Review: Daddy Long Legs’ ‘Street Sermons’ Preaches Unhinged Rock ‘N Roll with Rural Rhythm and Blues

Daddy Long Legs
Street Sermons
(Yep Roc)
3 1/2 out of 5 stars

Videos by American Songwriter

You don’t need to traverse the rough side of New York City to understand what living there is like. Just push play on this, the fourth studio release (there was also a roaring live set), from the Big Apple’s Daddy Long Legs, the area’s most driving, intimidating, and rambunctious blues/garage/punk outfit.

The longtime trio has recently expanded to a quartet for live shows, although these performances are stripped to the bone as just a three-piece. Frontman/singer/harmonica playing Brian “Daddy Long Legs” Hurd sings like Jim Morrison after a particularly debauched night. He also blows with category four hurricane force, taking cues from amplified harp legends like Little Walter, adding the rocking thrust of Paul Butterfield, and slathering the dust of the J Geils Band’s Magic Dick over these dozen corkers.
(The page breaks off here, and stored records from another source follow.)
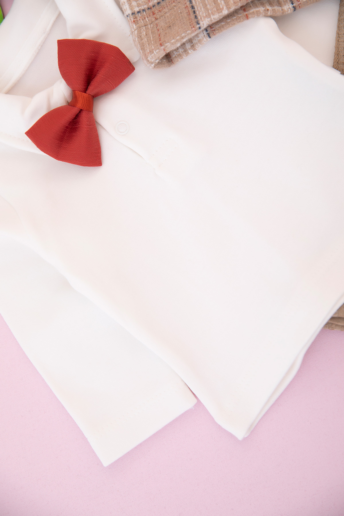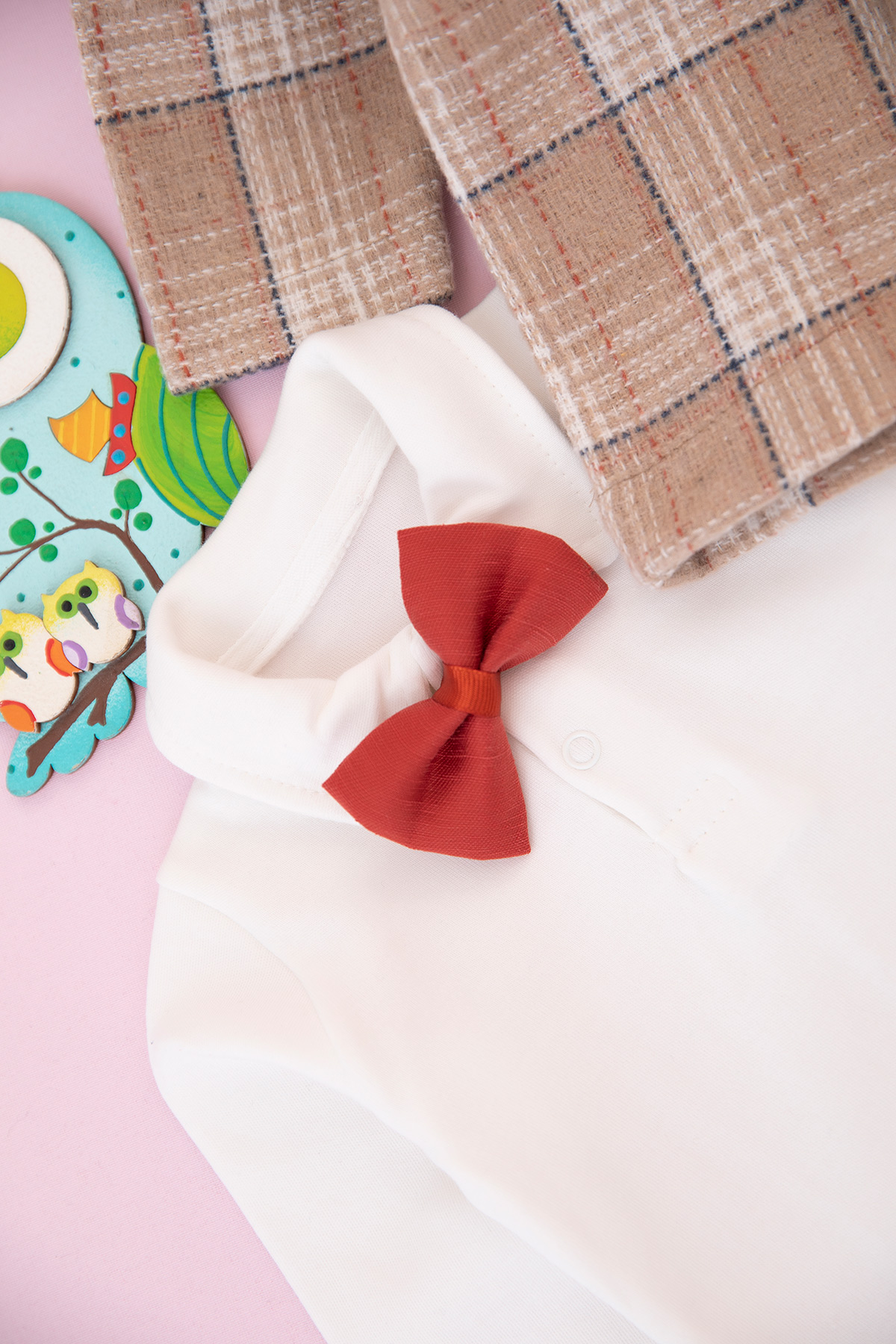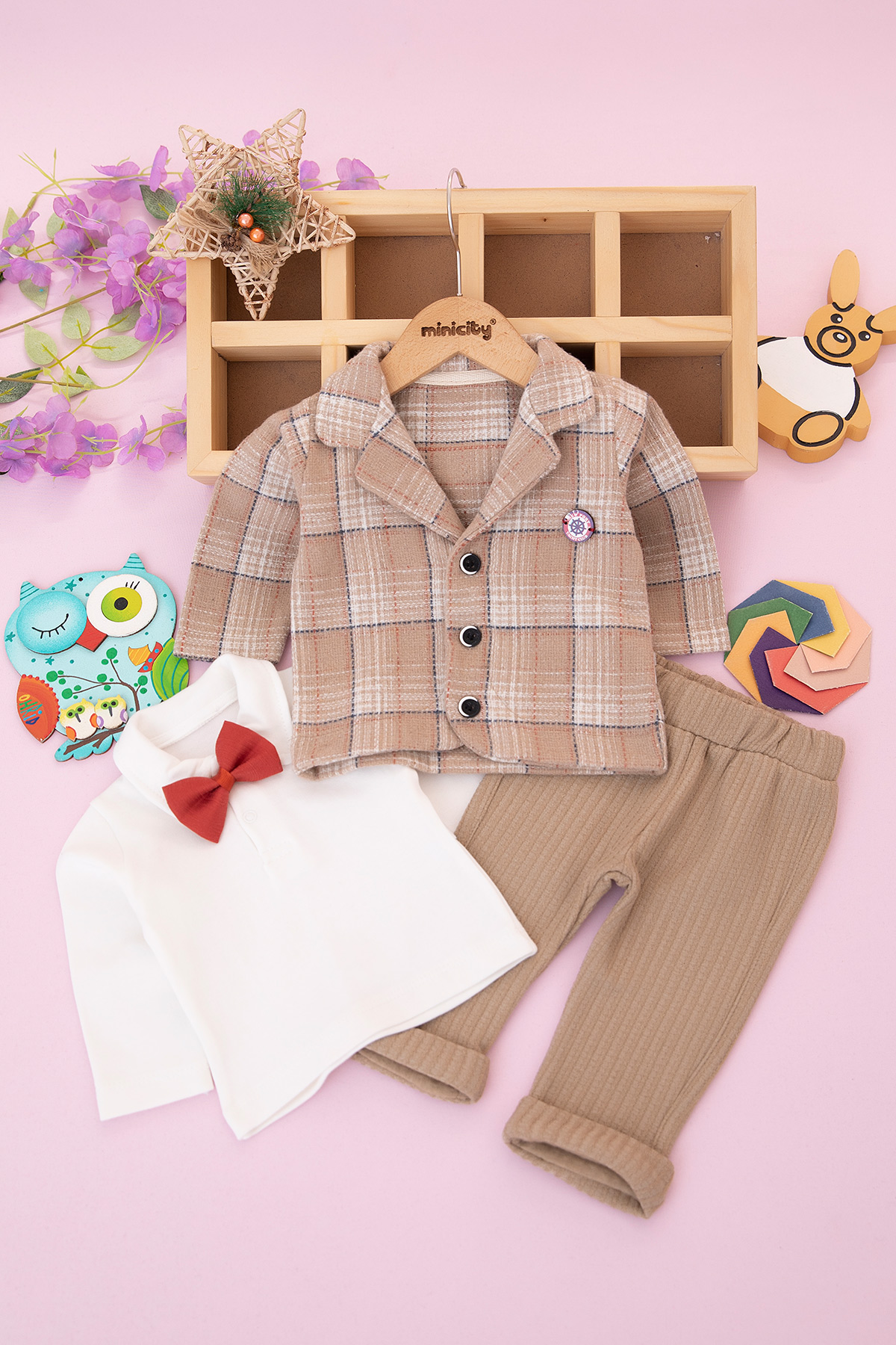 Erkek Bebek Ekoseli Papyonlu 3`Lü Takım - 7120 (3-12 Ay)
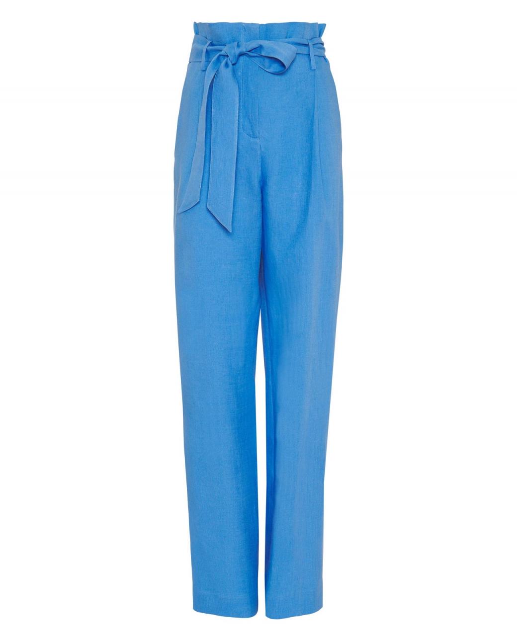 Pantalón largo 100% lino. Tiro alto con pliegues, cierre oculto y cinturón. Dos bolsillos laterales en delantero y dos de vivo en parte trasera.
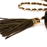 Details: Olive Green Quilted Suede / Gold Tone Hardware / Single Shoulder Strap With Chain-Link Leather Accent / Interior Black Leather / Single Zip Pocket At Wall / Tonal Leather Trim / Tassel Accents / Snap Closure At Front
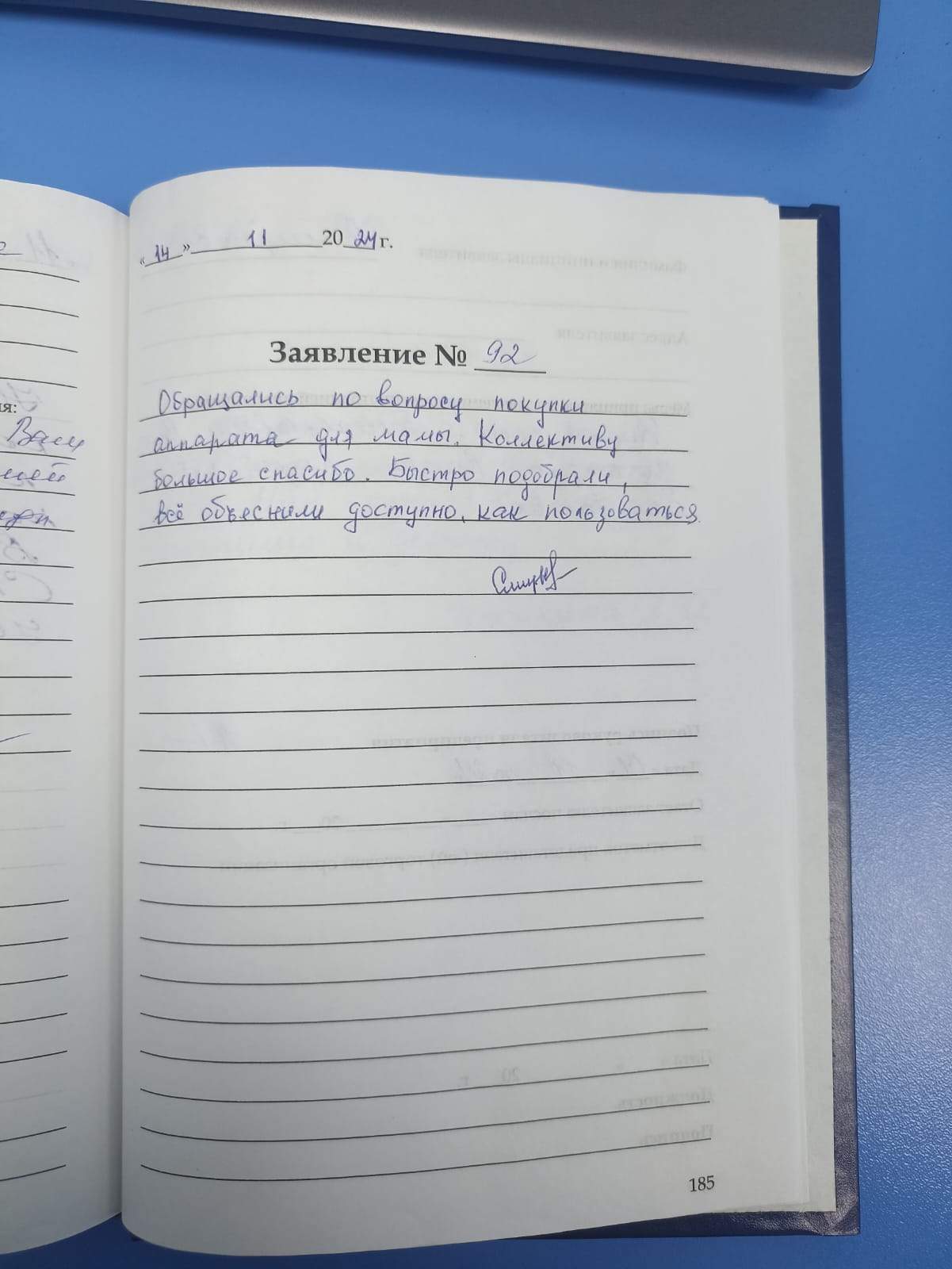 Обращались по вопросу покупки аппарата для мамы. Коллективу большое спасибо. Быстро подобрали, все объяснили доступно, как пользоваться.
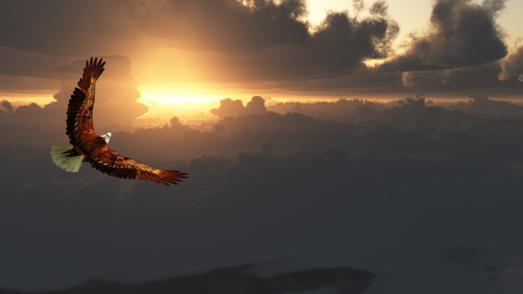 Cuando llega la tormenta el águila extiende sus alas para que el viento las tome y la lleve por encima de la tormenta, es decir, el águila no se queda en ese lugar. Vuela por encima de la tormenta y no escapa, sino que la utiliza para levantarse más alto.
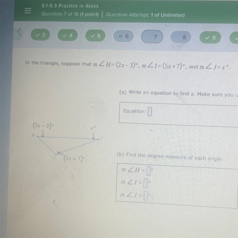 (2x - 3) + (5x + 7) + x = 180 (substituting given angle measures)
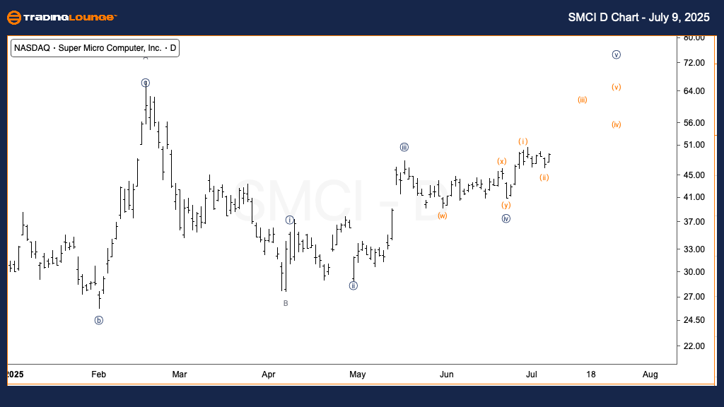 On the daily chart, SuperMicro Computers Inc. (SMCI) is in the last stage of a corrective flat pattern that began at the start of 2025. The stock is currently advancing through wave {v} of C, indicating that the countertrend structure is nearly complete. This upward move is expected to form the final leg in the ongoing correction before the larger trend resumes.
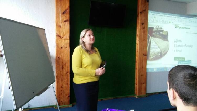 Вона ознайомила студентів 1-2 курсів факультету економіки та управління з роботою банку та послугами, які він надає клієнтам. Представив гостю декан факультету економіки та управління доцент Руслан Дутчак.

You can almost see the audio board pegging into the red when he gets musically juiced up.  

The threesome craft a tough, leathery set of a dozen generally rowdy numbers, each bathed with a “mutual love of wild and unhinged rock ‘n’ roll and rural rhythm and blues music,” as Hurd states in the publicity notes. Producer Oakley Munson, who also works with the similarly woolly The Nude Party, captures Daddy Long Legs’ plucky, somewhat ramshackle thrust, adding occasional organ, piano, and sax, without diluting the band’s raw meat and potatoes approach.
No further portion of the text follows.